Так проходили дни за днями, один, как другой. Мы все ждали когда растает снег, и тем временем понемножку работали, готовились при первой возможности снова двинуться дальше в путь. Невольно вспоминается мне рассказ об эскимосах, поехавших вглубь фьорда на сенокос. Прибыв на место, они нашли, что трава еще коротка, расположились там и стали поджидать, пока она подрастет как следует, чтобы можно было ее косить. Так же медленно улучшался и наш будущий путь.
29 июня я писал: «Температура так и не желает повыситься настолько, чтобы снег как следует таял. Мы стараемся скоротать время как можно приятнее: беседуем о том, как славно будет вернуться домой и как мы станем тогда наслаждаться жизнью и всеми ее благами; прикидываем и высчитываем, когда сможем прибыть домой. Иногда говорим о том, как хорошо устроимся на зимовку на Шпицбергене, если не удастся добраться домой в этом году. Может статься, не удастся добраться и до Шпицбергена: придется тогда зазимовать где-нибудь на Земле Франца-Иосифа… Но нет, этого не должно случиться!»
Сегодня воскресенье; тихо, лишь слабо веет легкий ветерок, как будто с юго-востока. Чудесно должно быть сейчас на родине. Все в цвету, и фьорд, покрытый зыбью, сверкает на солнце. Ты сидишь, может быть, вместе с Лив на мысу или катаешься по фьорду на лодке. Ах, как живо вижу я, как в такой вот лучезарный июньский день мы едем к твоей матери обедать: отправляемся пораньше на станцию, и вижу, подходит битком набитый поезд. Он останавливается в Бестуне и в Бюгде; сходим у Скарпсно[292]
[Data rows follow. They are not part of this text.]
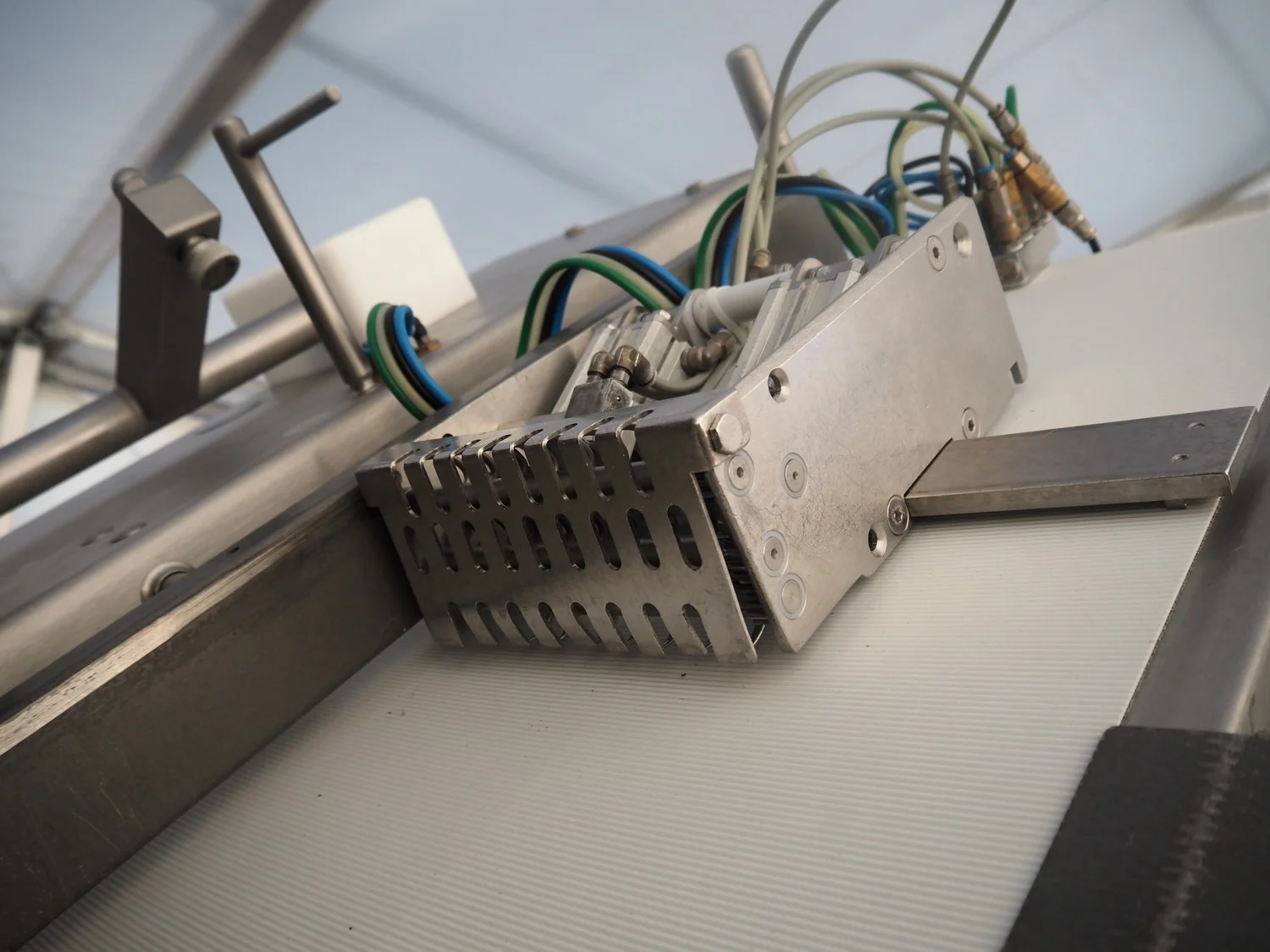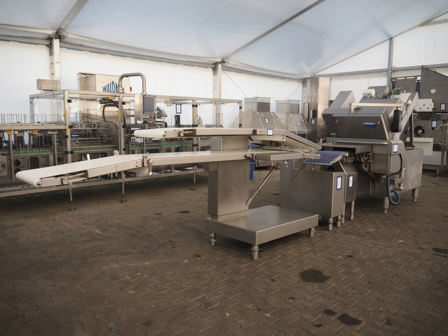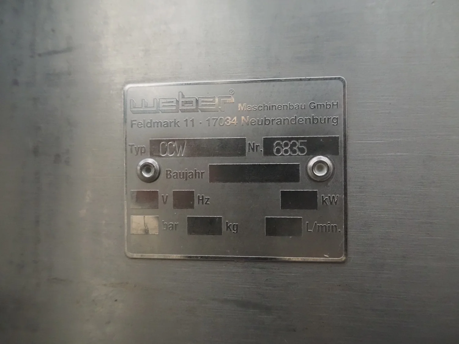 Weber slicer line consisting of: Weber slicer, type slicer: CCS 602, number: 835, year of construction: 08/2005, 400 V, 50 Hz, 10 kW, plastic belt, belt width: 400 mm, Wipotec checkweigher, type: Web 99 Waage T30B-R-CAN, serial number: 0001018, year of construction: 2005, maximum weight: 3000 gram, plastic string belt, belt width: 400 mm, Weber outfeed belt, type outfeed belt: CCR and CCE, number: 6835, year of construction: 08/2005, total dimensions slicer: 2500 mm x 1300 mm x 2200 mm, total dimensions checkweigher: 350 mm x 900 mm x 1150 mm and total dimensions outfeed belt: 3500 mm x 1000 mm x 1450 mm. Including 3 extra knives (1 for cheese and 2 normal)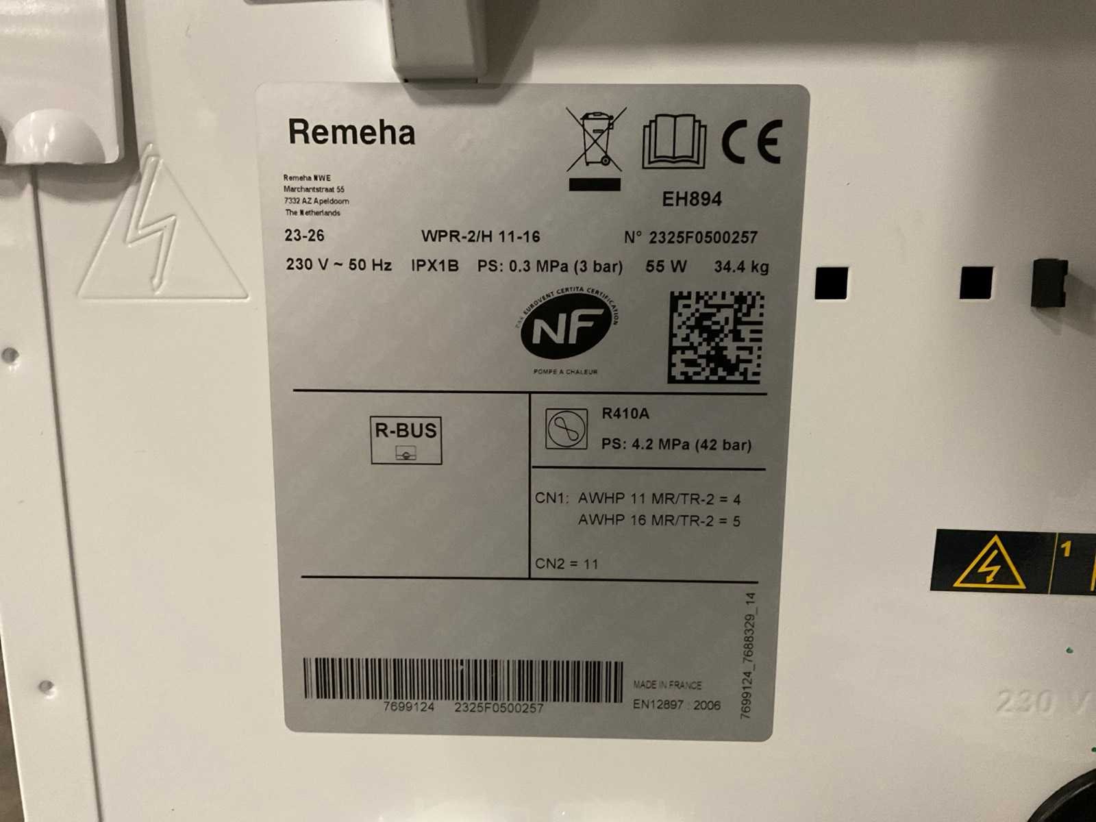 Bestaande uit: (1x) Buitenmodule, Type: AWHP 11 TR-2 (2023), 400V, R410A. (1x) Binnenmodule, Type: WPR-2/H 11-16, Mercuria, R410A. Merk: Remeha Model: Mercuria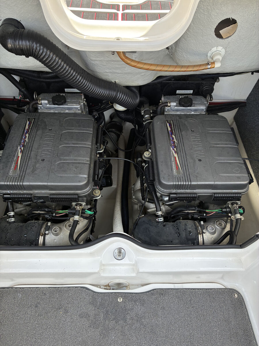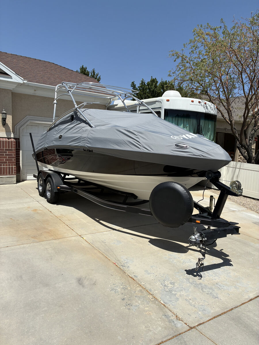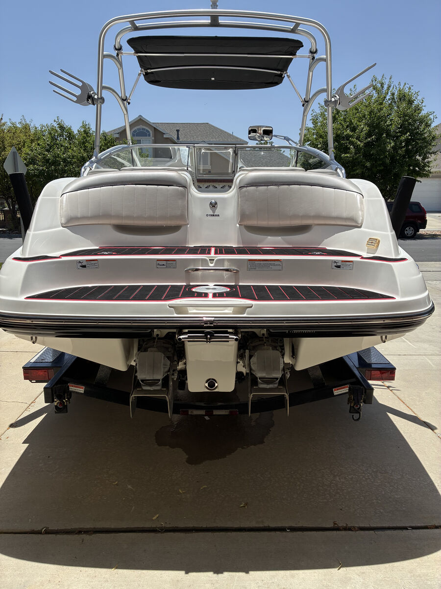 23 foot jet boat, Twin four cylinder HO engines, Folding tongue trailer with good tires. Tower mounted bimini top and mirror and wake and surfboard racks. New swim platform hydromats, snap in carpets. 2 fenders and dock lines. new cover with support poles. Sony bluetooth sterio and speakers. 2 person tube with tow ropes. Everything works I have never had any problems in the 2 years that Ive owned it. Engines run great. I have done all regular maintenence. There are a few spots on the interior that the seams are opening up and the decals on the exterior have some wear. I hate to see it go but we just dont use it enough. No trades. Serious inquiries only please.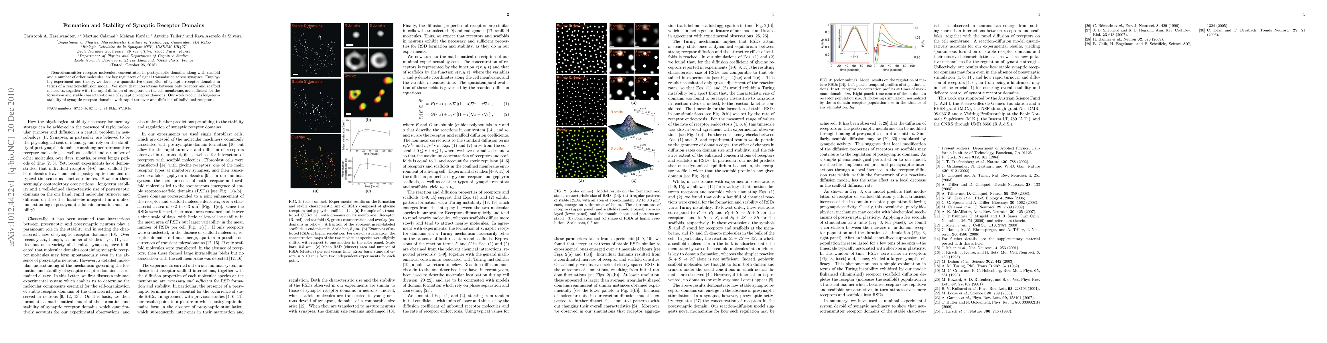 This paper quantitatively describes synaptic receptor domains using a reaction-diffusion model, demonstrating that interactions between receptors and scaffold molecules, along with receptor diffusion, are sufficient for domain formation and stability, reconciling rapid receptor turnover with long-term domain stability.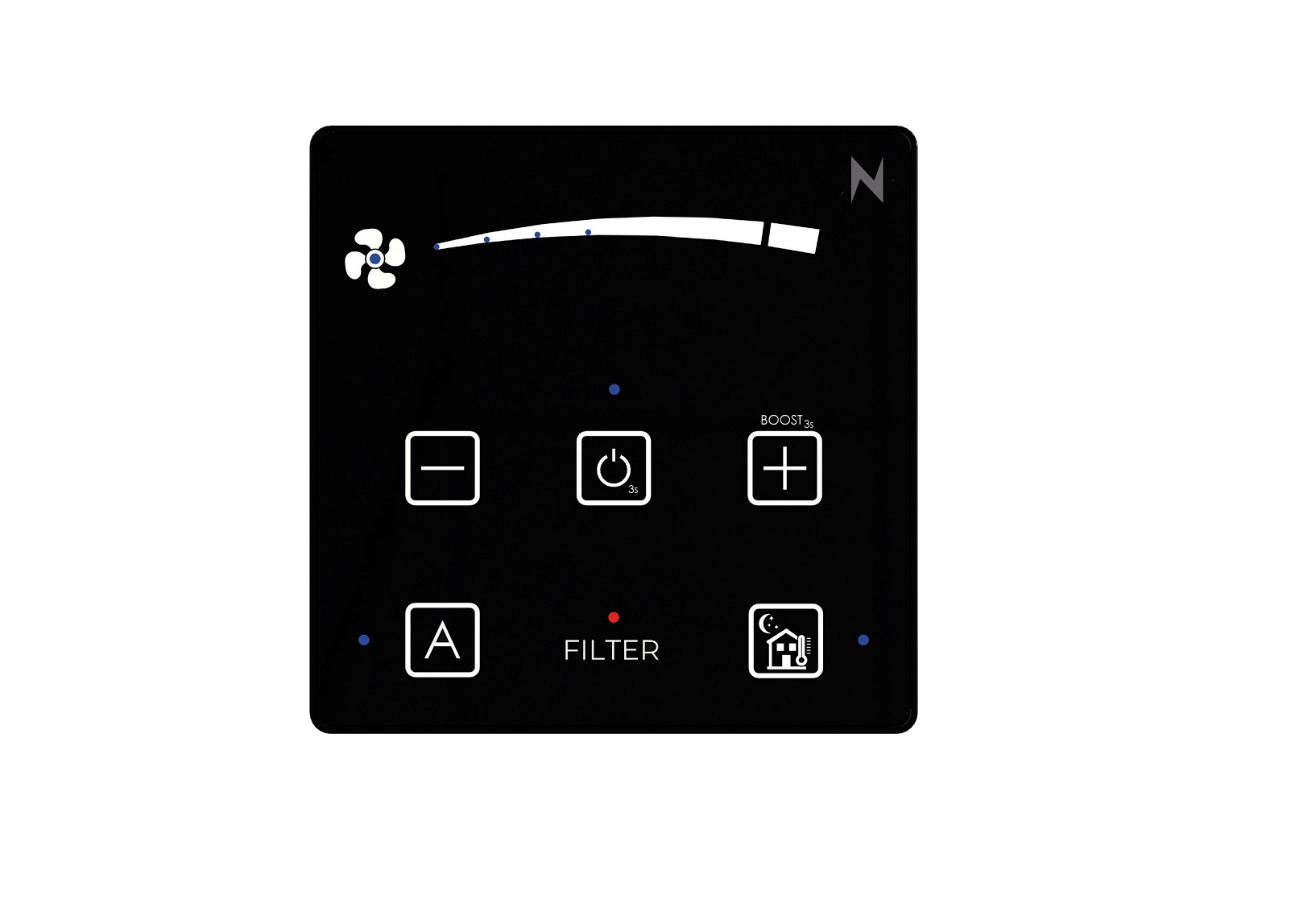 Unitatea este dotata cu mod boost, pentru o intensificare a ventilarii si cu boton de resetare la schimbarea filtrelor.

и поднимаемся по дороге в Дреммен. Идем, а над палисадом свешиваются светло-зеленые кленовые листья, трепещущие в лучах солнца. Вот пришли; перед нами дом, окруженный садом. Там собрались друзья, и все усаживаются за стол; подают жаркое, великолепное жаркое, и я вижу, как Улаф разрезает его и как из красноватого мяса струится сок… Но вот взгляд мой снова скользит через открытую дверь палатки, и я вспоминаю, что моря и льды легли между тем, что было «там», и тем, что «здесь».Мы лежим здесь, на дальнем севере, двое чумазых от сажи, безобразных, грязных бродяг, окруженные со всех сторон льдом, только льдом и ничем другим, кроме сверкающего белизной льда, во всей его чистоте, которой так не хватает нам. Да, все вокруг сияет чистотой, и взор тоскливо ищет по всему горизонту хоть какое-нибудь темное пятнышко, на котором бы отдохнуть. Когда же, наконец, появится оно? Мы ждем его вот уже два месяца. Птицы тоже как-то вдруг исчезли совсем; сегодня не слышно даже веселых люриков. Еще вчера они были здесь, и мы слышали, как они пролетали то к югу, то к северу – вероятно, к земле и от земли. Теперь они, вероятно, совсем улетели туда, так как здесь стало мало воды. Ах, если бы иметь крылья легких птиц…»
Ночью шел мокрый снег; вода капала внутрь палатки, и мы вымокли в спальном мешке. Эти постоянные снегопады могут довести до отчаяния, они никак не хотят перейти в дождь и устилают путь толстым слоем свежего снега, который ложится поверх старого и препятствует таянию[293]
.Благодаря ветру, по-видимому, снова начинают появляться полыньи, и опять показались птицы. Вчера мы видели люриков, они прилетали с юга, по всей вероятности, с земли».